Moreover, with proof lacking that he conspired to inflict force against the Capitol, one can easily grasp why the Justice Department has not charged the former president with conspiracy to obstruct Congress — the charge brought against many of the most culpable January 6 defendants. Conspirators, as judges routinely instruct juries, tend not to reduce their criminal agreements to writing.
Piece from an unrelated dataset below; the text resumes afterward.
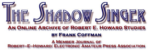 elcome to the inaugural issue of THE SHADOW SINGER, my contribution journal to Robert-E-Howard: Electronic Amateur Press Association. This issue is part of the first Official Posting of REHEAPA. My journal will feature essays, comments, reflections, and creative content with a centralizing focus upon the achievement of Robert Ervin Howard (1906-1936).

The nature of the agreement is proven by the actions taken in furtherance of it. The actions by which the rioters obstructed Congress were violent. The actions by which Trump tried to obstruct Congress involved rhetorically ratcheting up political pressure. It’s a critical difference. Not all obstruction is illegal. Violent obstruction is always and obviously criminal. Rhetorical obstruction, in a free society with a First Amendment that safeguards even noxious political speech as long as it does not incite violence, is not criminal — even if it is disgraceful, dangerous, and if done by a high public official, impeachable.
In the event, the violence of the rioters actually undercut Trump’s tactics. Once Congress reconvened, with the country outraged by what it had seen, Trump’s supporters lost their nerve, offering only the most half-hearted objections, which were promptly swept aside.
That is the legacy of the Capitol riot. It will remain a dark episode in American history, but not anything remotely close to a potential extinction event for American democracy. Beyond that, it’s a political boon for Democrats. Not because they’ve convinced the country that there’s an ongoing rampage of white-supremacist domestic terrorism, but because Donald Trump retains a grip on a sizable, energetic plurality of Republicans. Though I have to think people will eventually come to their senses, this could be GOP suicide: Trump can’t conceivably win a national election, but it is not out of the realm of possibility that he could win the Republican nomination. I doubt it — I believe electability will be the most important attribute when it gets down to brass tacks — but I wouldn’t bet the ranch against it.
Donald Trump already gave Democrats full control of Congress for the start of Biden’s term (the Georgia special election, in which his “stolen election” canard cost Republicans two Senate seats, happened the day before the riot). A year later, Trump’s potential nomination is emerging as President Biden’s best chance, maybe his only chance, of being reelected.